Notification & Accessibility:
- The final gpt-4o-generated Markdown report is stored in a key-value store for 7 days, making it accessible via a unique URL.
- A notification is then sent to our designated Slack channel. This message includes:
  - An immediate visual cue (🟥 for errors, ✅ for success).
  - A count of errors vs. total tests.
  - A direct link to the full test results report.
  - If errors occurred, a link to the Devin session where triage and potential fixes are being handled.
  - The testResultId (date + runId) and the raw runId for easy tracking.

Why Collider Matters

Collider is more than just a testing tool; it's a critical piece of our engineering quality and velocity:

Comprehensive Coverage: Ensures that our integrations with numerous AI models across different runtimes are functioning correctly.
Early Detection: Catches regressions or issues introduced by upstream model changes or internal code modifications quickly.
Intelligent Analysis: Moves beyond simple pass/fail.
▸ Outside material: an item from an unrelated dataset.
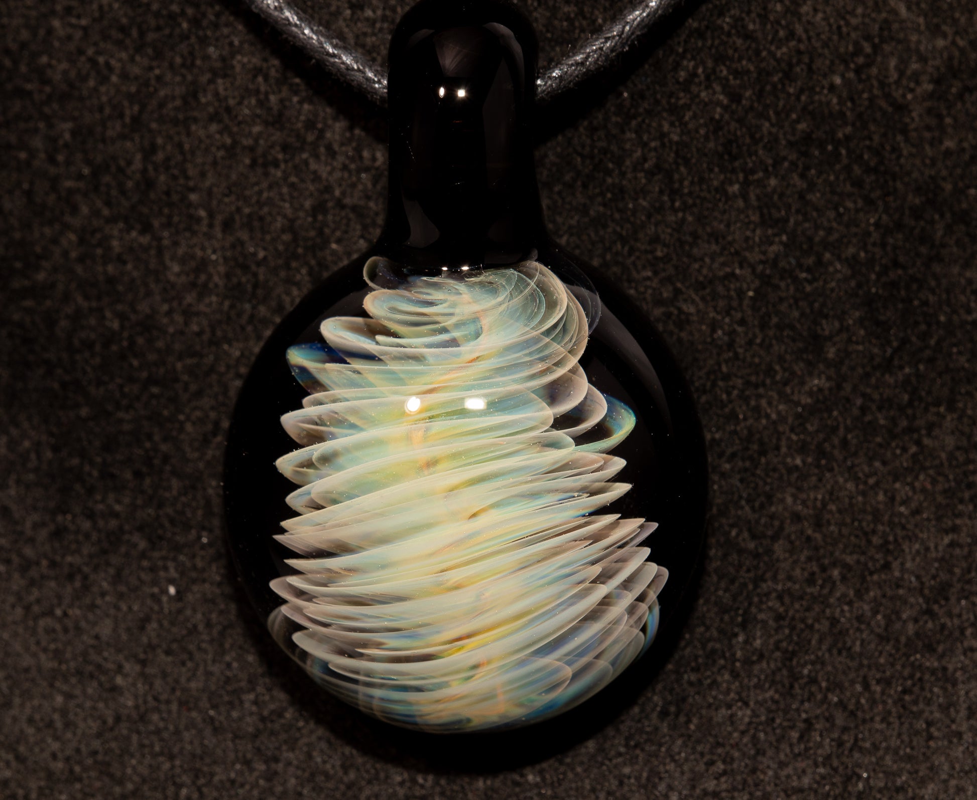 This silver-fumed glass pendant captures the motion of a swirling storm. Each delicate line is fumed from 99.99% fine silver, then encased in crystal-clear glass and twisted into a graceful tornado spiral. Handblown and one of a kind, perfect for storm chasers of beauty and light.

GPT-4o provides structured, readable reports, and Devin offers actionable insights and even automated fix suggestions.
Reduced Mean Time to Resolution (MTTR): By automatically triaging errors and suggesting fixes, Collider significantly speeds up the debugging process.
Developer Productivity: Frees up engineers from manual testing and allows them to focus on building new features.

By investing in intelligent testing infrastructure like Collider, we're ensuring that our AI gateway remains reliable, performant, and ready to adapt to the ever-evolving world of artificial intelligence. It's a testament to our commitment to delivering high-quality AI-powered experiences.